(What you have to do): Nothing but the lines from the one with "3774. Corbeille à" down to the one with "Những ngày này, các" should be returned, exactly and with both ends included, from the material below.

(Data under study):

-- Opening Marker --

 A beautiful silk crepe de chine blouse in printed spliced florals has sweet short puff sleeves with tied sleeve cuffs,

-- Closing Marker --
-- Opening Marker --

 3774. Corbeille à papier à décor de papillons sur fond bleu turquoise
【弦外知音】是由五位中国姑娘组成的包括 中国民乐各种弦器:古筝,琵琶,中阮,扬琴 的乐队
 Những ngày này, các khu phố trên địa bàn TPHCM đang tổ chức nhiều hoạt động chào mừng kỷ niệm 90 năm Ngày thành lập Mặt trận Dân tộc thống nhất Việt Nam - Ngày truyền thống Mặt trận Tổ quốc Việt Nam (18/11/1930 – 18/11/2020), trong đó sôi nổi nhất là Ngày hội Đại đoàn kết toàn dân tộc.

-- Closing Marker --

(Solution):
 3774. Corbeille à papier à décor de papillons sur fond bleu turquoise
【弦外知音】是由五位中国姑娘组成的包括 中国民乐各种弦器:古筝,琵琶,中阮,扬琴 的乐队
 Những ngày này, các khu phố trên địa bàn TPHCM đang tổ chức nhiều hoạt động chào mừng kỷ niệm 90 năm Ngày thành lập Mặt trận Dân tộc thống nhất Việt Nam - Ngày truyền thống Mặt trận Tổ quốc Việt Nam (18/11/1930 – 18/11/2020), trong đó sôi nổi nhất là Ngày hội Đại đoàn kết toàn dân tộc.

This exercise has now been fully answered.